Write out every entry exactly as given, but omit the pictures.

◆ Records from a data collection
%%

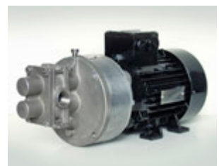
GMC2, GMC4, GMC6, GMC8, GMH6, GMH8, GM12, GM16
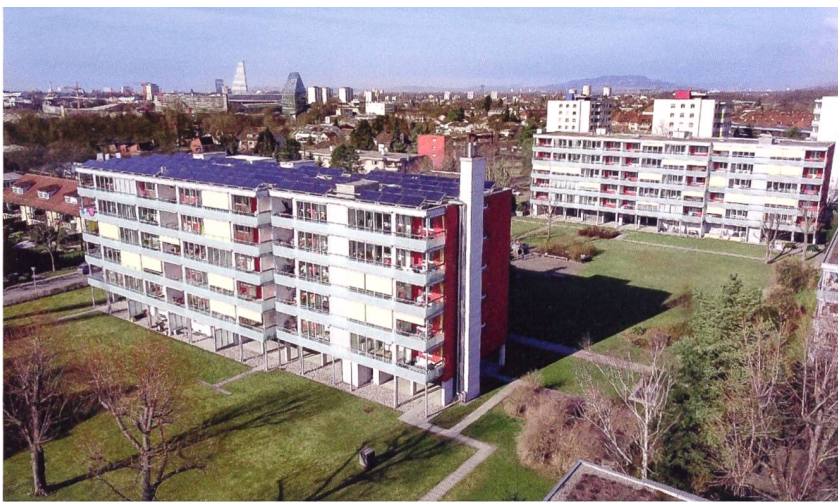
Die Siedlungen Käppeli I und Käppeli II in Muttenz (BL) bestehen aus 6 Mehrfamilienhäusern mit insgesamt 132 Wohneinheiten.
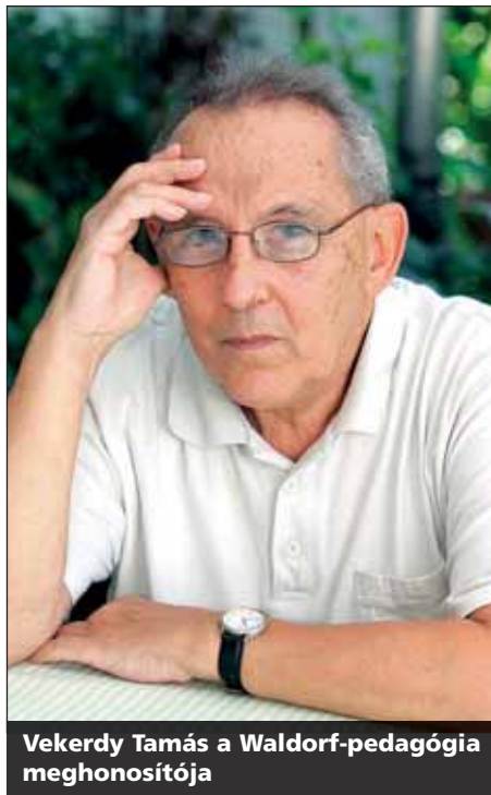
Vekerdy Tamás a Waldorf-pedagógia meghonosítója

– A Waldorf-iskola nem azt mondja, hogy legyél az, akivé én akarlak tenni. Igyekeznek kibontakoztatni a gyerek adottságait. Továbbá érzelmek nélkül nincs hatékony tanulás, a művészetek rendkívül jelentős szerepet játszanak a nevelésben, akárcsak a kézzel végzett tevékenységek, a kézimunka, a kézművesség, a házépítés vagy a földmégmunkálás, de még a szociális munka is. A Waldorf-iskolának három nagyon fontos területe van: a közismeret, a művészetek és a kézzel végzett tevékenységek, amelyek a praktikus intelligenciát fejlesztik. Az alapítása óta lassan kilencven év telt el, nem ment ki a divatból, hanem egyre inkább
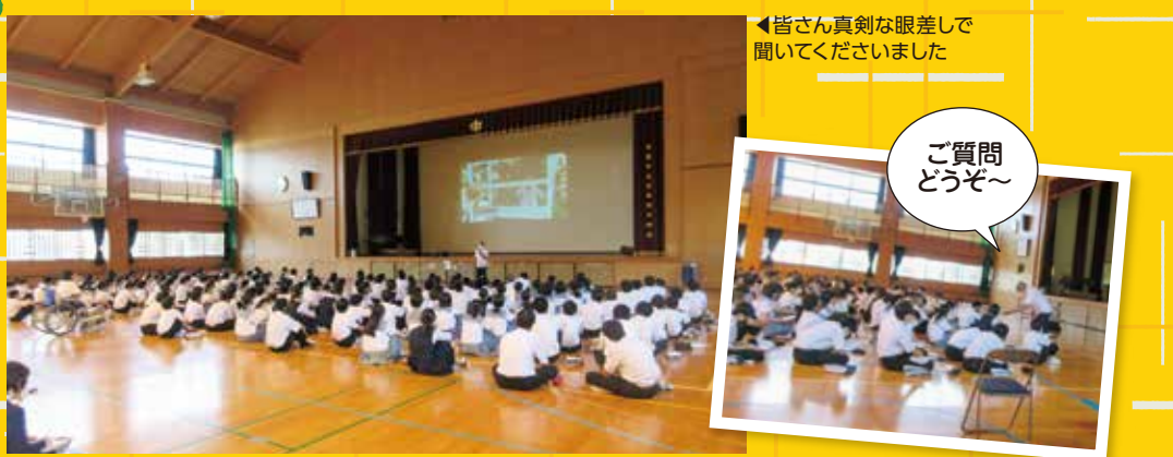
◀皆さん真剣な眼差しで聞いていただきました

県社会福祉協議会の依頼で未来の福祉人材確保を目的に講演をしました。内容は身近な問題を題材にして、福祉とは?認知症とは?尊厳とは何かについて一緒に考える時間を作りました。生徒のみなさんも真剣に聞いてくださり、一人でも医療・福祉・介護に興味を持っていただけるとありがたいです。
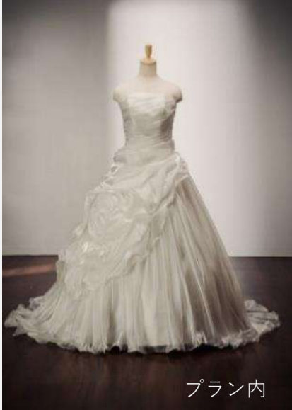
CRT-26 (PRENIO-5) 本島のみ
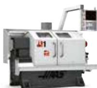
TOOLROOM SVARVAR 6 MODELLER
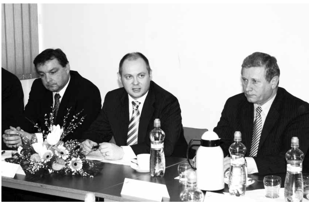
Jednání. Hejtman Jihomoravského kraje Michal Hašek (uprostřed) se starostou Boskovic Jaroslavem Dohnálkem (vlevo) a Blanska Lubomírem Toufarem.

Druhým důležitým bodem jednání byla dopravní situace. „Se starosty jsme se vzájemně informovali o názorech na superkoncept Ministerstva dopravy. Vedení kraje preferuje výstavbu komunikace R43 po etapách. Jednoznačně požadujeme, aby se na Blanensku začalo s výstavbou co nejdříve,“ shodli se hejtman i starostové. Rada kraje v této souvislosti vyzvala všechny zákonodárce zvolené na jižní Moravě, aby razantněji toto rozhodnutí podporovali. „Jde nám zejména kromě podpory přípravy a budování zmíněné silnice R43 včetně rozčlenění její stavby také o silnice R52 a R55 a železniční uzel Brno. To jsou klíčové dopravní stavby, které ovlivní atraktivitu regionu,“ zdůraznil Hašek.
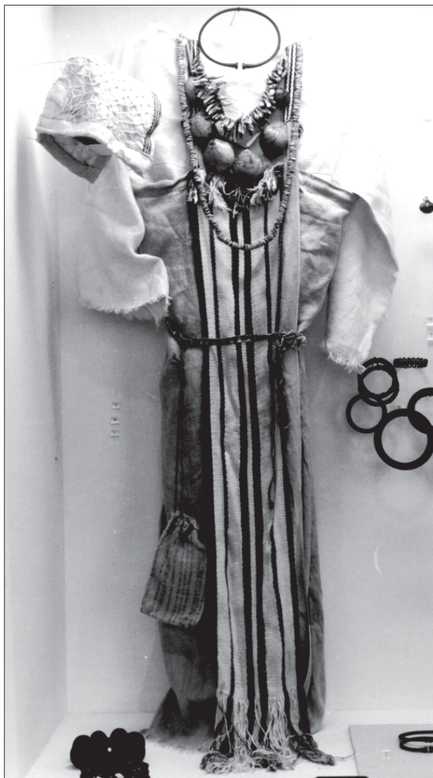
Obr. 6: Rekonstrukce ženského oděvu podle nálezů z doby bronzové (podle Březinová 2000)

na těch méně náročných jako je sprádaní rostlinných a živočišných vláken, tkaní na vertikálním nebo destičkovém stavu, barvení tkanin. Výsledkem takových, několikanásobně se opakujících pokusů je získání zkušenosti, která je velice důležitá a nezbytná jednak pro provádění skutečných vědeckých experimentů, jednak pro naplňování popularizačního a výchovně-pedagogického poslání experimentální archeologie. Do druhé skupiny bychom mohli zařadit experimenty, jejichž cílem je zhotovení pravěkého nebo středověkého oděvu. Jejich provádění je uskutečňováno ve dvou odlišných rovinách. Na jedné straně jsou skutečné rekonstrukce podoby dobových oděvů a jejich součástí, které vycházejí z konkrétních archeologických nálezů. Takových experimentů zatím u nás nebylo provedeno mnoho, jako příklad může posloužit ženský oděv zhotovený podle nálezů z doby bronzové (obr. 6) v Oddíle experimentální archeologie Mamu-
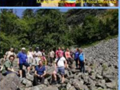
„Detunată Gosală” din Munții Apuzeni
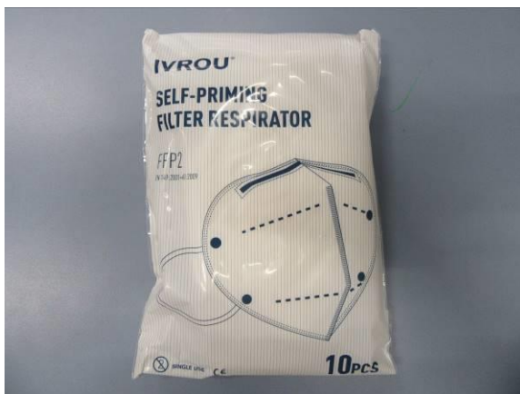
Verpackung / Packaging
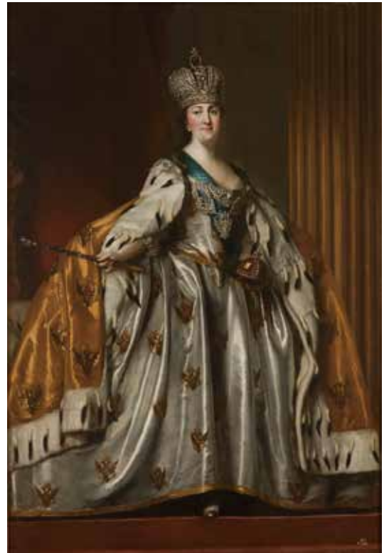
1. ヴィギリウス・エリクセン 《戴冠式のローブを着たエカテリーナ2世の肖像》1760年代 ©The State Hermitage Museum, St Petersburg, 2017-18

エルミタージュ美術館の多岐にわたるコレクションの中でも本展で主にご紹介するのは、ルネサンスからバロック、ロココにいたる16世紀から18世紀にかけての巨匠たち、いわゆるオールドマスターと称される西洋画家の作品です。この時代、西洋社会は宗教改革と対抗宗教改革、絶対王政と市民革命など、度重なる秩序の変転を経験しました。その進む方向も速度も国・地域によって異なり、絵画の主題や様式も各国・地域の社会的な事情を大いに反映したものとなります。本展は国・地域ごとの章構成とすることで、それぞれの国・地域の人々がこの時代、どのような絵画を愛したかが見て取れるようになっていきます。
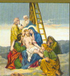
XIII. STAZIONE Gesù deposto dalla Croce
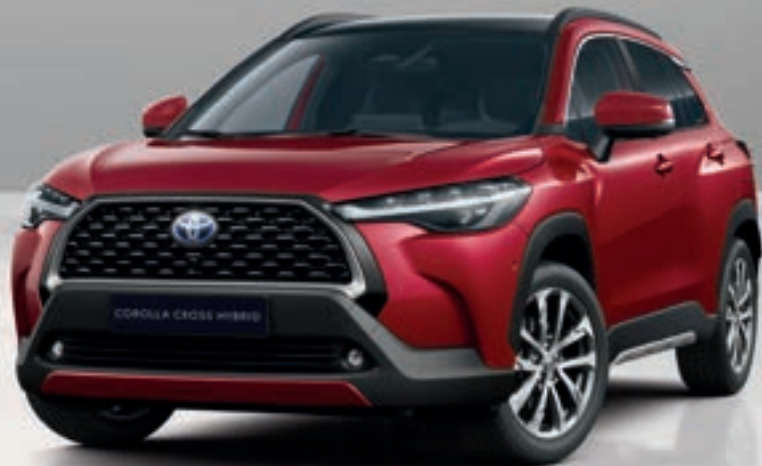
Opciones de colores monotono de Corolla Cross
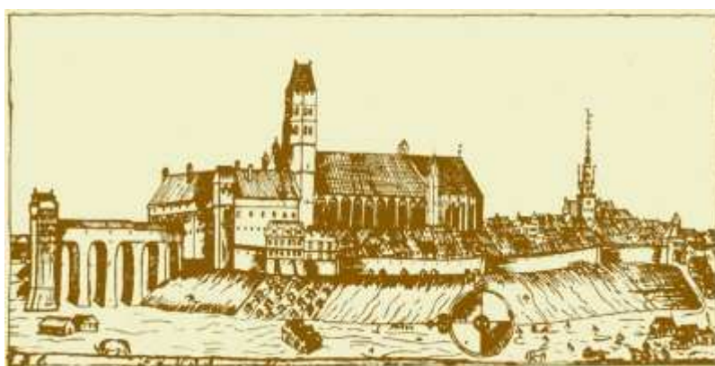
Panorama miasta wg H. Ogiera z ok. 1700 r. (publikacja Miejski Serwis Internetowy)

wraz z koncepcją zagospodarowania terenu
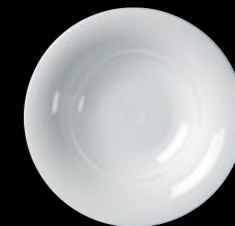
Deep Plate P059 30.0cm (11¾") 100.0cl (35oz) P060 21.0cm (8") 38.0cl (13oz)
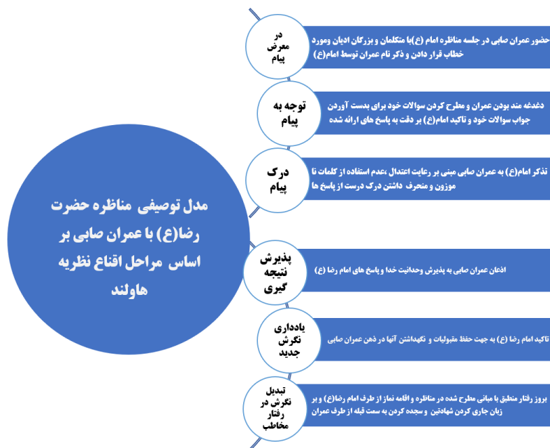
شکل شماره ۲- مدل توصیفی مناظره حضرت رضا (علیه‌السلام) و مراحل اقتناع هاولند

نخستین متغیر متقاعدسازی منبع است و ویژگی‌هایی برای اثربخشی بیشتر پیرامون آن مطرح شده است. منبع باید دارای جذابیت، تخصص، مقبولیت، اعتبار و خوش خلقی باشد. حضرت رضا (علیه‌السلام) در ابتدای ورود به بحث حضرت (علیه‌السلام) با دعوت عمران به انصاف و دوری از سخن باطل و فاسد و منحرف از حق با او وارد گفت‌وگو می‌شود و تمام تلاش حضرت نمایش تمام‌عیار ادب، روی خوش و استقبال از یک انسان صاحب‌فکر، به‌دوراز مرزبندی‌های اعتقادی است. به عبارتی حضرت مطالب خود را در بستر استدلال‌ها، مثال‌ها و استنتاج‌هایی پیش می‌برند که پایه عقلانی داشته و به این صورت اعتبار بیانات خویش را مستند می‌کنند. مطرح کردن موضوعات اصلی پیرامون وحدانیت خدا جذابیت را در کلام امام رضا (علیه‌السلام) به‌قدری بالا می‌برد که مخاطب به‌طور کامل تحت تأثیر قرار گرفته و از حضرت رضا (علیه‌السلام) می‌خواهد که به شکل مبسوط‌تری نقطه نظرات خود را ادامه دهند. ایجاد جذابیت در
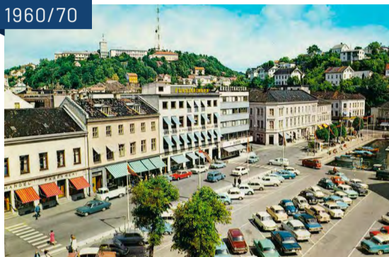
Kanalplassen og Kirkegaten med kjørevei og stor bilparkering, siste halvdel av 1960-tallet.
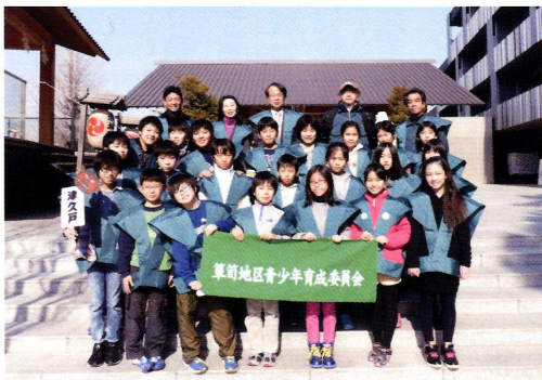
津久戸小学校 5年1組
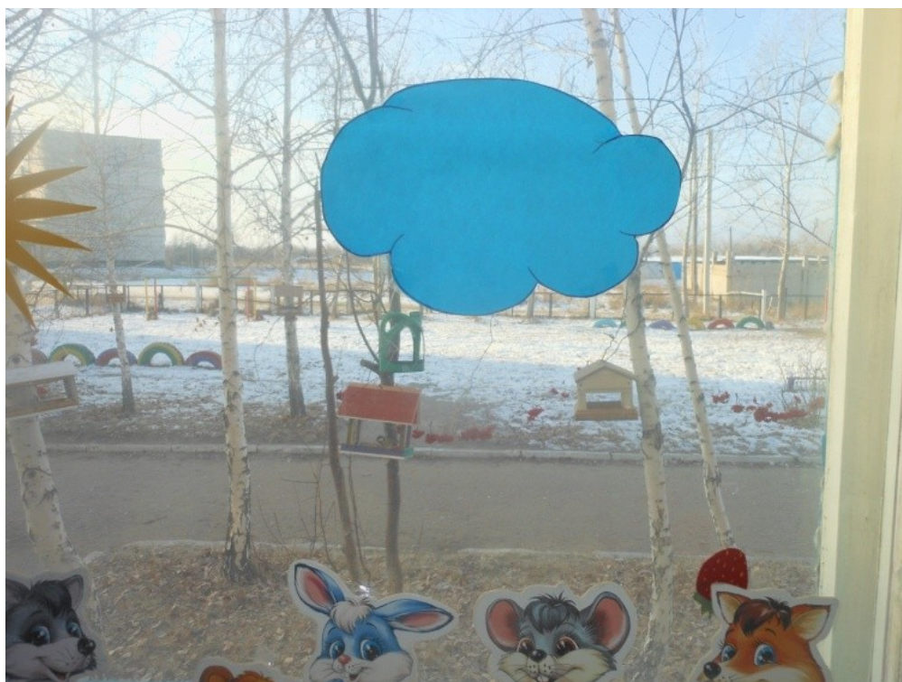
Наблюдаем за птицами из окна
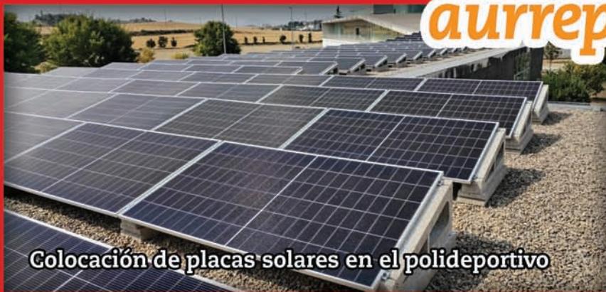
Colocación de placas solares en el polideportivo
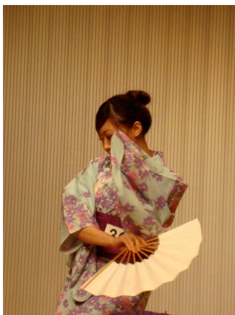
參加日本傳統舞蹈大賽
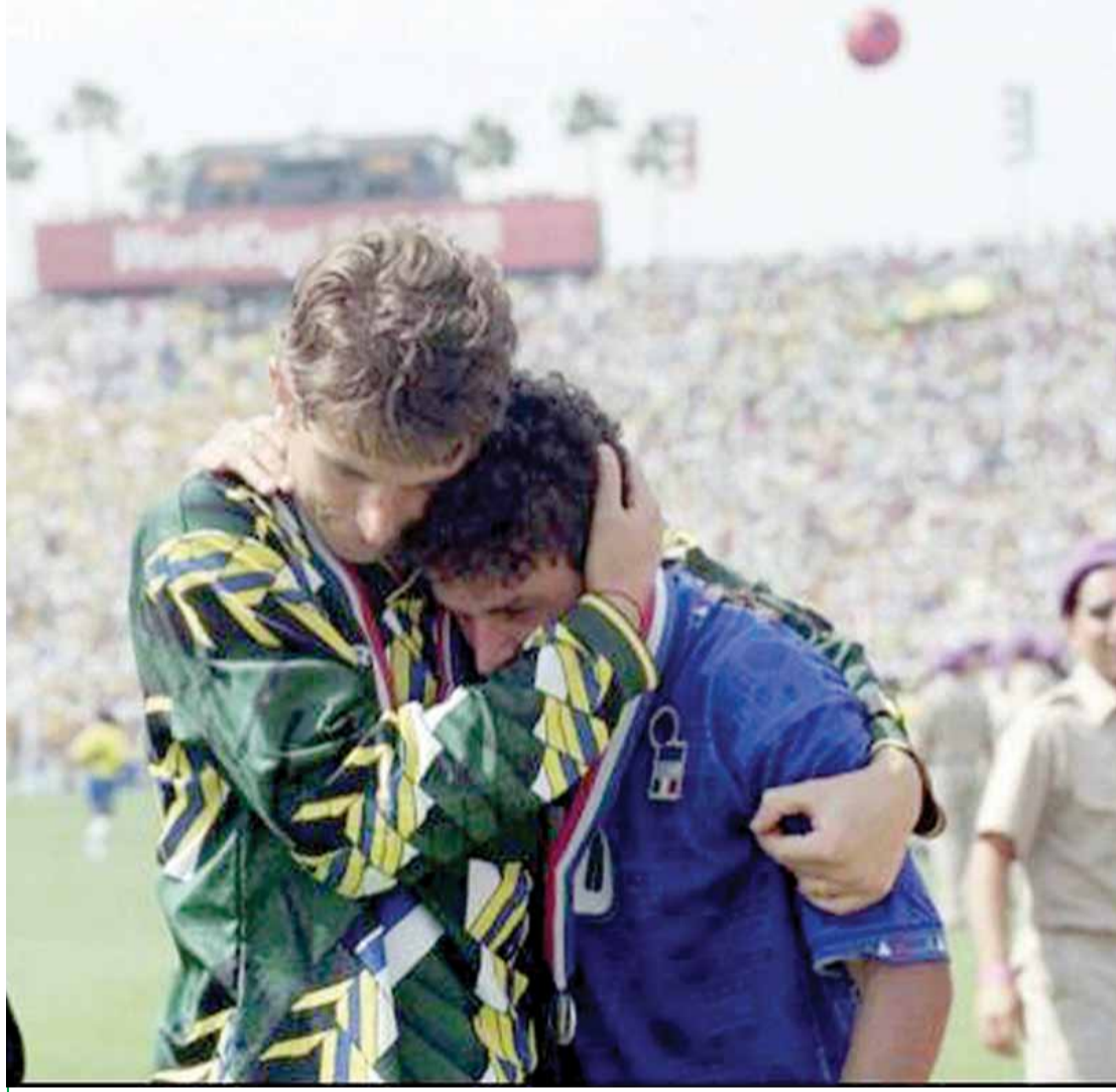
قمة بشرف "الخصومة": الحارس الاحتياطي للبرازيل "زيتي" لم يحتفل مع زملائه في التتويج بمونديال ١٩٩٤ لانه ذهب لمواساة باجيو

أحد المحللين عبر مواقع التواصل الاجتماعي يرى (نادي الوحدات) بين الاندية المحلية الذي يعطي الفئات العمرية الاهتمام الكبير من خلال المدرسة الكروية التي تعتبر بوابة الحقيقة وراس مالها والدليل انه يتواجد في الفريق الاول قرابة ١٥ لاعبي من ابناء الفئات العمرية.

%%

◆ Problem solution
GMC2, GMC4, GMC6, GMC8, GMH6, GMH8, GM12, GM16
Die Siedlungen Käppeli I und Käppeli II in Muttenz (BL) bestehen aus 6 Mehrfamilienhäusern mit insgesamt 132 Wohneinheiten.
Vekerdy Tamás a Waldorf-pedagógia meghonosítója

– A Waldorf-iskola nem azt mondja, hogy legyél az, akivé én akarlak tenni. Igyekeznek kibontakoztatni a gyerek adottságait. Továbbá érzelmek nélkül nincs hatékony tanulás, a művészetek rendkívül jelentős szerepet játszanak a nevelésben, akárcsak a kézzel végzett tevékenységek, a kézimunka, a kézművesség, a házépítés vagy a földmégmunkálás, de még a szociális munka is. A Waldorf-iskolának három nagyon fontos területe van: a közismeret, a művészetek és a kézzel végzett tevékenységek, amelyek a praktikus intelligenciát fejlesztik. Az alapítása óta lassan kilencven év telt el, nem ment ki a divatból, hanem egyre inkább
◀皆さん真剣な眼差しで聞いていただきました

県社会福祉協議会の依頼で未来の福祉人材確保を目的に講演をしました。内容は身近な問題を題材にして、福祉とは?認知症とは?尊厳とは何かについて一緒に考える時間を作りました。生徒のみなさんも真剣に聞いてくださり、一人でも医療・福祉・介護に興味を持っていただけるとありがたいです。
CRT-26 (PRENIO-5) 本島のみ
TOOLROOM SVARVAR 6 MODELLER
Jednání. Hejtman Jihomoravského kraje Michal Hašek (uprostřed) se starostou Boskovic Jaroslavem Dohnálkem (vlevo) a Blanska Lubomírem Toufarem.

Druhým důležitým bodem jednání byla dopravní situace. „Se starosty jsme se vzájemně informovali o názorech na superkoncept Ministerstva dopravy. Vedení kraje preferuje výstavbu komunikace R43 po etapách. Jednoznačně požadujeme, aby se na Blanensku začalo s výstavbou co nejdříve,“ shodli se hejtman i starostové. Rada kraje v této souvislosti vyzvala všechny zákonodárce zvolené na jižní Moravě, aby razantněji toto rozhodnutí podporovali. „Jde nám zejména kromě podpory přípravy a budování zmíněné silnice R43 včetně rozčlenění její stavby také o silnice R52 a R55 a železniční uzel Brno. To jsou klíčové dopravní stavby, které ovlivní atraktivitu regionu,“ zdůraznil Hašek.
Obr. 6: Rekonstrukce ženského oděvu podle nálezů z doby bronzové (podle Březinová 2000)

na těch méně náročných jako je sprádaní rostlinných a živočišných vláken, tkaní na vertikálním nebo destičkovém stavu, barvení tkanin. Výsledkem takových, několikanásobně se opakujících pokusů je získání zkušenosti, která je velice důležitá a nezbytná jednak pro provádění skutečných vědeckých experimentů, jednak pro naplňování popularizačního a výchovně-pedagogického poslání experimentální archeologie. Do druhé skupiny bychom mohli zařadit experimenty, jejichž cílem je zhotovení pravěkého nebo středověkého oděvu. Jejich provádění je uskutečňováno ve dvou odlišných rovinách. Na jedné straně jsou skutečné rekonstrukce podoby dobových oděvů a jejich součástí, které vycházejí z konkrétních archeologických nálezů. Takových experimentů zatím u nás nebylo provedeno mnoho, jako příklad může posloužit ženský oděv zhotovený podle nálezů z doby bronzové (obr. 6) v Oddíle experimentální archeologie Mamu-
„Detunată Gosală” din Munții Apuzeni
Verpackung / Packaging
1. ヴィギリウス・エリクセン 《戴冠式のローブを着たエカテリーナ2世の肖像》1760年代 ©The State Hermitage Museum, St Petersburg, 2017-18

エルミタージュ美術館の多岐にわたるコレクションの中でも本展で主にご紹介するのは、ルネサンスからバロック、ロココにいたる16世紀から18世紀にかけての巨匠たち、いわゆるオールドマスターと称される西洋画家の作品です。この時代、西洋社会は宗教改革と対抗宗教改革、絶対王政と市民革命など、度重なる秩序の変転を経験しました。その進む方向も速度も国・地域によって異なり、絵画の主題や様式も各国・地域の社会的な事情を大いに反映したものとなります。本展は国・地域ごとの章構成とすることで、それぞれの国・地域の人々がこの時代、どのような絵画を愛したかが見て取れるようになっていきます。
XIII. STAZIONE Gesù deposto dalla Croce
Opciones de colores monotono de Corolla Cross
Panorama miasta wg H. Ogiera z ok. 1700 r. (publikacja Miejski Serwis Internetowy)

wraz z koncepcją zagospodarowania terenu
Deep Plate P059 30.0cm (11¾") 100.0cl (35oz) P060 21.0cm (8") 38.0cl (13oz)
شکل شماره ۲- مدل توصیفی مناظره حضرت رضا (علیه‌السلام) و مراحل اقتناع هاولند

نخستین متغیر متقاعدسازی منبع است و ویژگی‌هایی برای اثربخشی بیشتر پیرامون آن مطرح شده است. منبع باید دارای جذابیت، تخصص، مقبولیت، اعتبار و خوش خلقی باشد. حضرت رضا (علیه‌السلام) در ابتدای ورود به بحث حضرت (علیه‌السلام) با دعوت عمران به انصاف و دوری از سخن باطل و فاسد و منحرف از حق با او وارد گفت‌وگو می‌شود و تمام تلاش حضرت نمایش تمام‌عیار ادب، روی خوش و استقبال از یک انسان صاحب‌فکر، به‌دوراز مرزبندی‌های اعتقادی است. به عبارتی حضرت مطالب خود را در بستر استدلال‌ها، مثال‌ها و استنتاج‌هایی پیش می‌برند که پایه عقلانی داشته و به این صورت اعتبار بیانات خویش را مستند می‌کنند. مطرح کردن موضوعات اصلی پیرامون وحدانیت خدا جذابیت را در کلام امام رضا (علیه‌السلام) به‌قدری بالا می‌برد که مخاطب به‌طور کامل تحت تأثیر قرار گرفته و از حضرت رضا (علیه‌السلام) می‌خواهد که به شکل مبسوط‌تری نقطه نظرات خود را ادامه دهند. ایجاد جذابیت در
Kanalplassen og Kirkegaten med kjørevei og stor bilparkering, siste halvdel av 1960-tallet.
津久戸小学校 5年1組
Наблюдаем за птицами из окна
Colocación de placas solares en el polideportivo
參加日本傳統舞蹈大賽
قمة بشرف "الخصومة": الحارس الاحتياطي للبرازيل "زيتي" لم يحتفل مع زملائه في التتويج بمونديال ١٩٩٤ لانه ذهب لمواساة باجيو

أحد المحللين عبر مواقع التواصل الاجتماعي يرى (نادي الوحدات) بين الاندية المحلية الذي يعطي الفئات العمرية الاهتمام الكبير من خلال المدرسة الكروية التي تعتبر بوابة الحقيقة وراس مالها والدليل انه يتواجد في الفريق الاول قرابة ١٥ لاعبي من ابناء الفئات العمرية.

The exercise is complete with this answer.